- Native name: توماس عدلي زكي
- Appointed: 25 March 2019
- Predecessor: Antonios Aziz Mina
- Previous posts: Titular Bishop of Cabasa (2018–2019); Apostolic Administrator of Guizeh (2018–2019);

Orders
- Ordination: 20 April 2001 by Antonios Naguib
- Consecration: 25 May 2018 by Ibrahim Isaac Sidrak

Personal details
- Born: Maher Adly Zaki 5 November 1966 (age 59) Minya, Egypt
- Residence: Giza, Egypt
- Education: Pontifical Institute of Arab and Islamic Studies, Pontifical Urban University

= Toma Adly Zaki =

Egyptian Coptic Catholic bishop (born 1966)

Toma Adly Zaki (also known as Thomas Adly Zaki; born 5 November 1966) is an Egyptian Coptic Catholic hierarch who has served as the Bishop of the Eparchy of Giza since 2019. He previously served as the Titular Bishop of Cabasa and the Apostolic Administrator sede vacante of the same eparchy from 2018 to 2019.

== Early life and education ==
Maher Adly Zaki was born on 5 November 1966 in Minya, Egypt. He initially pursued secular education, graduating with a degree in civil engineering in 1988.

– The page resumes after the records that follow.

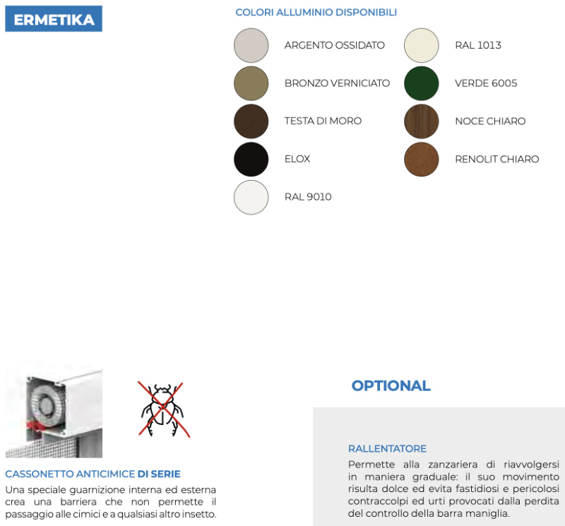 ERMETIKA es una mosquitera antiinsectos con resorte y cajón de 50 mm con movimiento vertical, perfecta para puertas y ventanas.
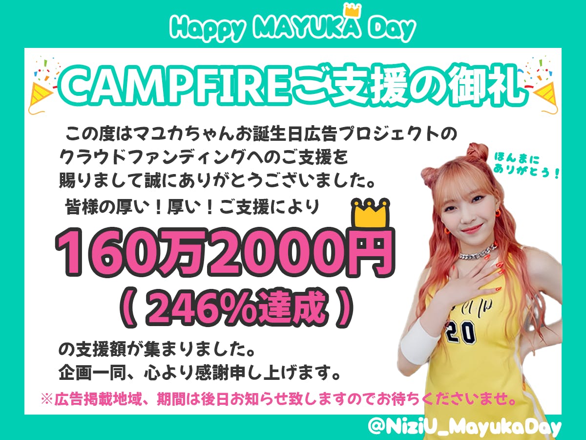 2022/10/01 10:00WithUの皆さまこの度は本プロジェクトにご支援いただきまして、誠にありがとうございます。皆さまの厚いご支援のおかげで、無事に目標金額を達成することができました。運営一同、心より感謝申し上げます。広告掲載地域につきましては現在調整中のため、後日ご連絡いたします。引き続きプロジェクト成功に向けて尽力して参りますので、どうぞ宜しくお願いいたします。NiziUマユカお誕生日企画 もっと見る
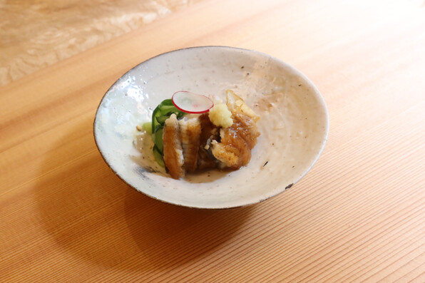 先日のおうどんいただいたのと同じおだしがひたひたかけられて供されました・・・なんと斬新なこと\(^o^)/
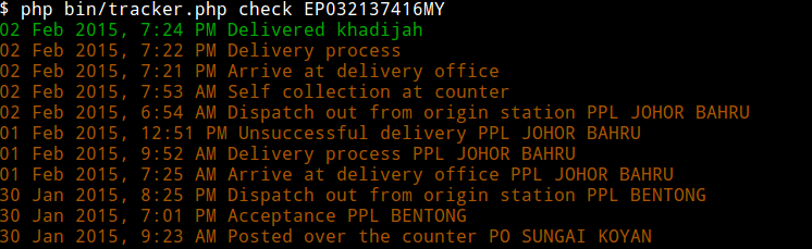 <? use k4ml\postrack\Parcel; $parcel = new Parcel('EM61871881MY'); print_r($parcel->check()); ?>
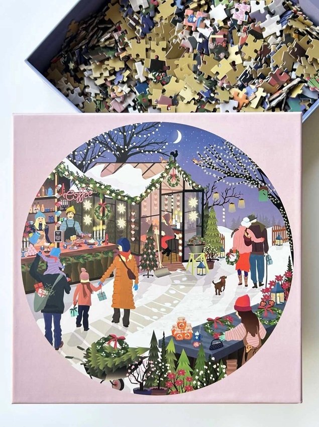 Vissevasse legpuzzel van 1000 stukjes met op de puzzel een winterse avond waar mensen naar een gezellige kerstmarkt gaan. Afmetingen puzzel: 65 x 65 cm, ronde puzzel.
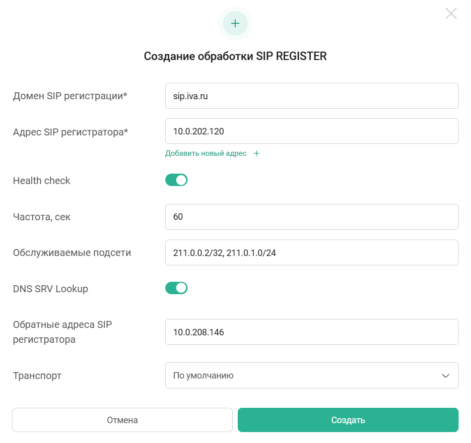 Чтобы добавить правило обработки SIP-регистрации, необходимо:

Feeling a religious calling, he made a theological training at the St. Leo the Great Major Coptic Catholic Seminary in Maadi and was ordained a priest for the Eparchy of Minya on 20 April 2001 by Bishop [[Antonios Naguib]]. Zaki continued his higher ecclesiastical studies in Rome, Italy, where he obtained a certificate in Islamology from the Pontifical Institute of Arab and Islamic Studies (PISAI) in 1999 and subsequently earned a licentiate in biblical theology from the Pontifical Urban University.

== Priesthood ==
Following his ordination, Zaki served from 2001 to 2003 as the deputy parish priest of the Cathedral of Minya. In 2008, he moved into academic and formative ministry, becoming a professor of Sacred Scripture and a formator at the St. Leo the Great Major Coptic Catholic Seminary in Maadi, Cairo.

He later become the rector of the seminary since 2015 until 2018. During this period, he also served as the Secretary General of the Assembly of the Catholic Hierarchy in Egypt and directed the "Saint Jerome" Centre for Bible Studies in Cairo. In addition to his native Arabic, he is fluent in Italian and English.

== Episcopal ministry ==
On 10 April 2018, Pope Francis appointed him as the Titular Bishop of Cabasa and Apostolic Administrator sede vacante of the Eparchy of Guizeh, following the resignation of Bishop Antonios Aziz Mina. Upon his appointment, he assumed the episcopal name Thomas. He received his episcopal consecration on 25 May 2018 from Coptic Catholic Patriarch Ibrahim Isaac Sidrak, with several bishops of the Coptic Catholic Synod serving as co-consecrators.

Less than a year later, on 25 March 2019, the Synod of Bishops of the Patriarchal Coptic Catholic Church officially elected Zaki as the canonical eparchial Bishop of Giza, an election assented to by Pope Francis.